Ginnys Blick schweifte zwischen Dracos Beine und sie fing haltlos an zu lachen. Wie ein Schutzschild baute sie ihr lautes Gelächter zwischen sich und ihrem ‚Ehemann' auf. Draco wurde unsicher und schnappte empört nach Luft.

„Ist das alles?", kicherte Ginny.

Soweit sie es beurteilen konnte von ihrem Vater oder ihren Brüdern her, war die Größe völlig normal. Auch die Glieder der Todesser, die sie im Kerker bei den Vergewaltigungen beobachtet hatte, waren ähnlich gebaut. Doch sie spürte wie Draco immer unsicherer wurde. Je lauter sie lachte, desto schlaffer wurde sein Glied.

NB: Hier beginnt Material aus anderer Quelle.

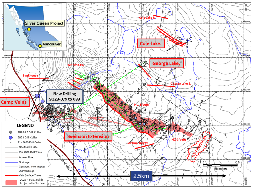 VP Exploration Rob Macdonald commented, “The current drill program follows on the release of an updated Mineral Resource Estimate for the Silver Queen property in December 2022, which successfully doubled the mineral resources on a silver-equivalence basis and with many mineralized blocks remaining open for further resource expansion. This new drilling confirms the continued extension of high-grade silver mineralization and the identification a new vein in the Camp Target. In addition, we have encountered encouraging visuals from offset drilling along the Sveinson Target. Multiple veins remain to be tested on the property and that process will start again with the next phase of drilling scheduled to begin in early summer.”
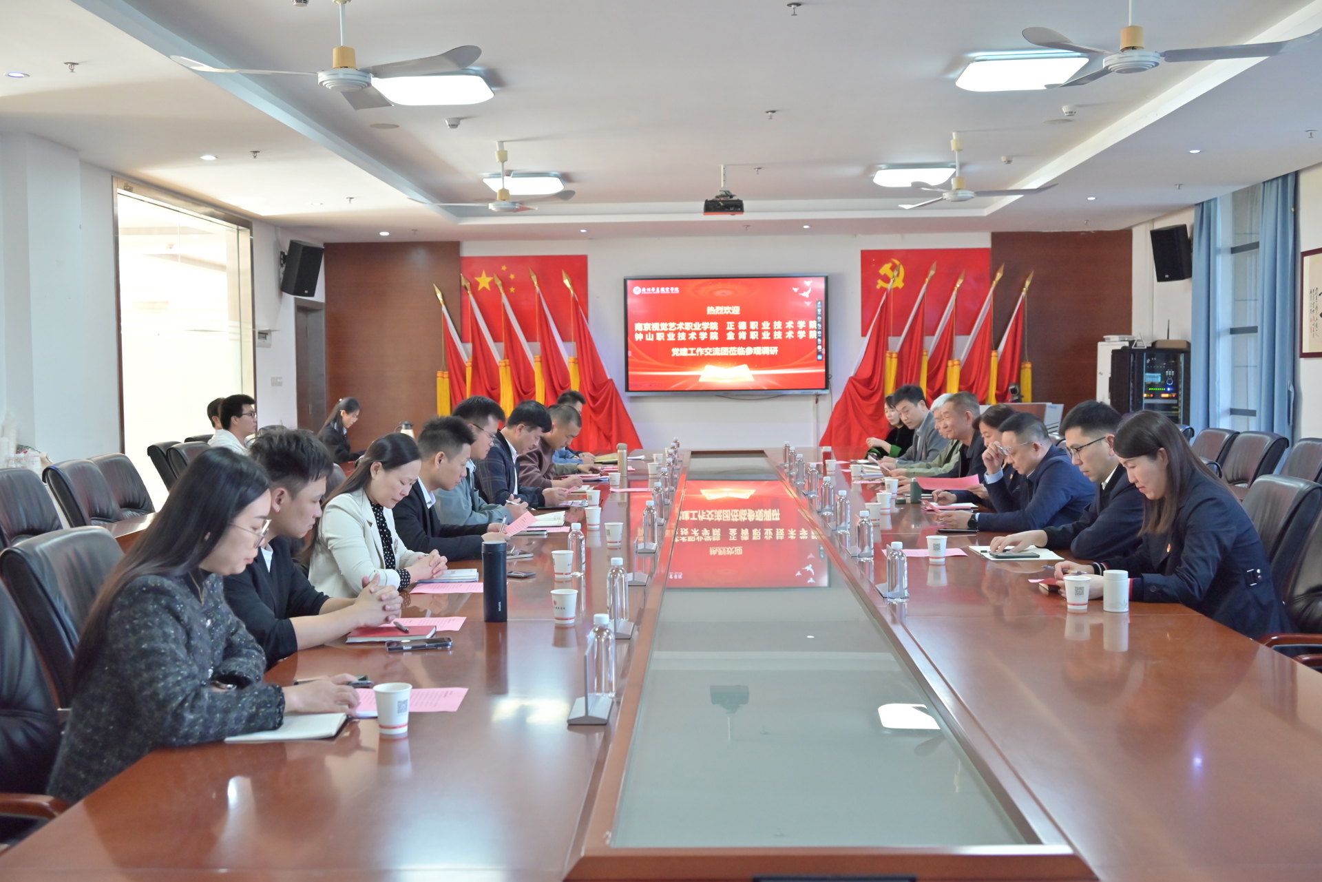 南京四校党委书记——南京视觉艺术职业学院党委书记蒋云尔、金肯职业技术学院党委书记宋丁全、钟山职业技术学院党委书记翟天灵、正德职业技术学院党委书记孙雷在交流中介绍了本校在党建与教育教学深度融合方面的机制创新、路径探索与阶段性成效,重点围绕红色文化育人、基层组织活力提升、党建品牌培育等议题进行了深入交流,并就如何实现党建工作规范化、特色化、品牌化展开热烈讨论。
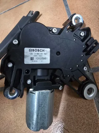 Motor para el limpiaparabrisas trasero de un Opel Astra H. Incluye el brazo del limpiaparabrisas y algunos tornillos y muelle. - Motor de limpiaparabrisas trasero. - Brazo limpiaparabrisas. - Tornillería y muelle.
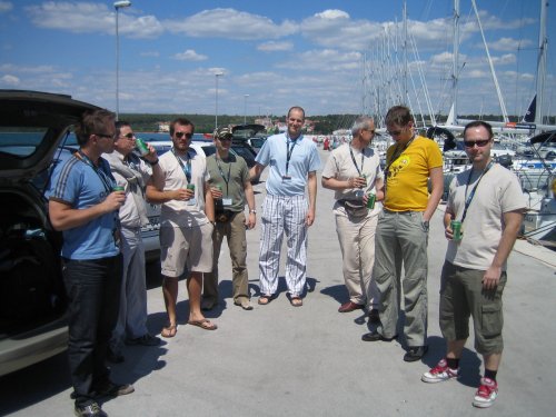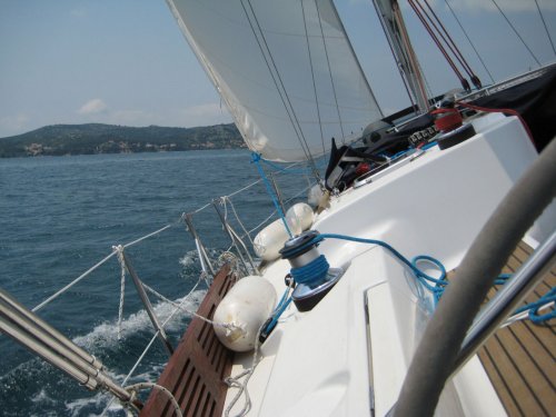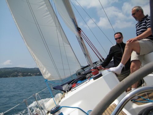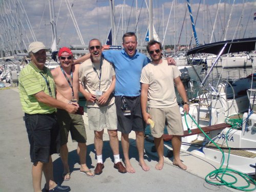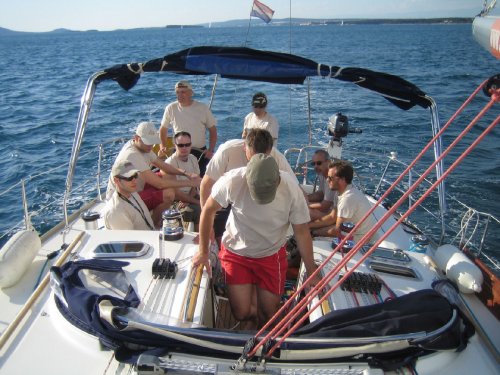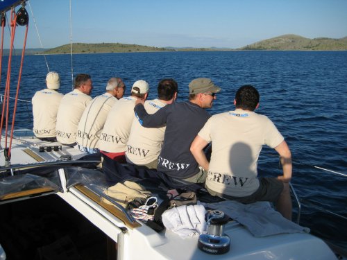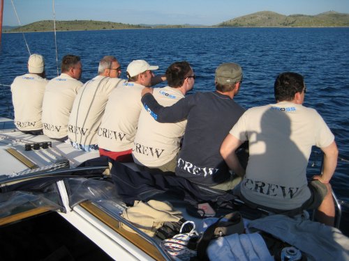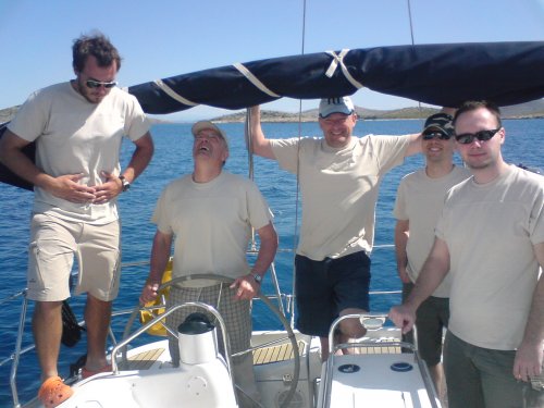 Ko smo obujali spomine na ?tiri dosedanja skupna izplutja po Jadranskem morju, si nismo upali predstavljali, da bo tokratna, najbolj mno?i?na odprava, najuspe?nej?a. V ve? pogledih. Ne le po ?tevilu obiskanih obmorskih mest in vasi ter otokov, po poku?ini naj?tevil?nej?ih sort doma?ega vina, po ?tevilu odigranih partij balinanja in odbojke na mivki, ampak tudi po najve? opa?enih delfinih, najve? prehojenih oto?kih brezpotij (z vzponi na nekatere vrhove), izredno visoko stopnjo sprostitve in zabave. Da pa ne bo vse tako usmerjeno v pozitivne prese?ke, se lahko pohvalimo tudi z dvema nespodbudnima rezultatoma, in sicer z rekordno majhno minuta?o, ko gre za dejansko, klasi?no jadranje (vetra do zadnjega dne prakti?no ni bilo prav ni?) in posledi?no dokaj majhnim ?tevilom preplutih morskih milj. Vseeno ohranimo dobro vzdu?je. Namre? ko zavlada bonaca, si obujemo gojzarje in se povzpnemo do najvi?jih razglednih to?k dale? naokoli. Pletemo prijateljske vezi in se spodbujamo pri svojem po?etju v slu?bi. Kljub temu so debate tako spro??ene, da vlada v ?asu jadranja popolni odklop od dogajanja doma.
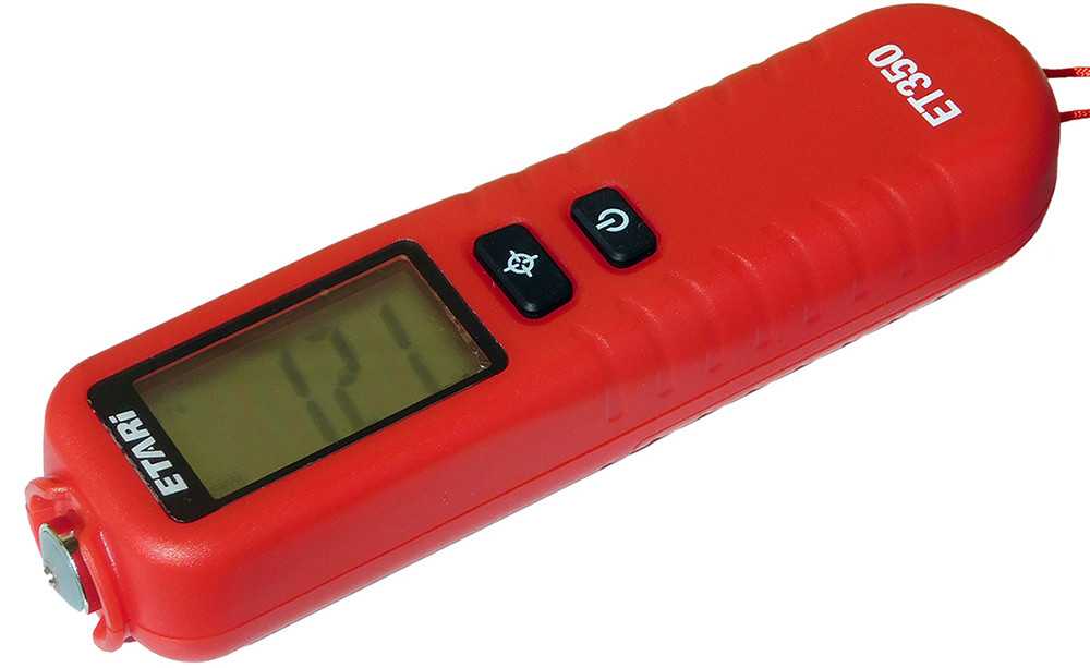 «Сердце» измерителя — электромагнитный датчик, который взаимодействует с металлическими основаниями. На основе оценки «отклика» (силы взаимодействия) аппарат делает вывод о толщине краски. Модель ETARI ET 10P работает только с основаниями из черных металлов (железо и его сплавы). В непрерывном режиме с включенной подсветкой прибор продержится 8 часов. Еще одним приятным бонусом для российского покупателя станет возможность работы при минусовых температурах (вплоть до -25 градусов). Такие экстремальные условия совершенно не подходят для более изнеженных, дорогостоящих моделей, о которых уже шла речь выше.

Zornestränen sammelten sich in seinen grauen Augen und seine Nasenflügel begannen zu beben. Er brummelte etwas, das sich wie 'dämliche Ziege' anhörte und rannte, sich seine Robe unter den Arm klemmend, aus dem Zimmer. Ein triumphales Gefühl breitete sich in Ginny aus. Doch nicht nur das, ganz tief fühlte sie etwas anderes. Er tat ihr Leid. Es war genauso gemein von ihr gewesen zu lachen, wie es von ihm gewesen war, sie so zu behandeln. Ginny schwor sich, sich nicht mehr von Gin die Kontrolle abnehmen zu lassen. Sie wollte nicht so sein, das war nicht wirklich sie. Eine ganze Weile wartete sie auf seine Rückkehr, doch dann schlief sie ein.

Am nächsten Morgen sah sie, dass seine Betthälfte unbenutzt war. Er hatte sich nicht getraut zurückzukommen. Sie ging ins Bad, um ihre Morgentoilette zu erledigen.

Ginny saß schließlich am Frühstückstisch. Neben ihr war nun auch ihr Ehemann aufgetaucht. Ihnen gegenüber saßen Walden und Shirley. Fragend sah Walden immer wieder zu ihr herüber.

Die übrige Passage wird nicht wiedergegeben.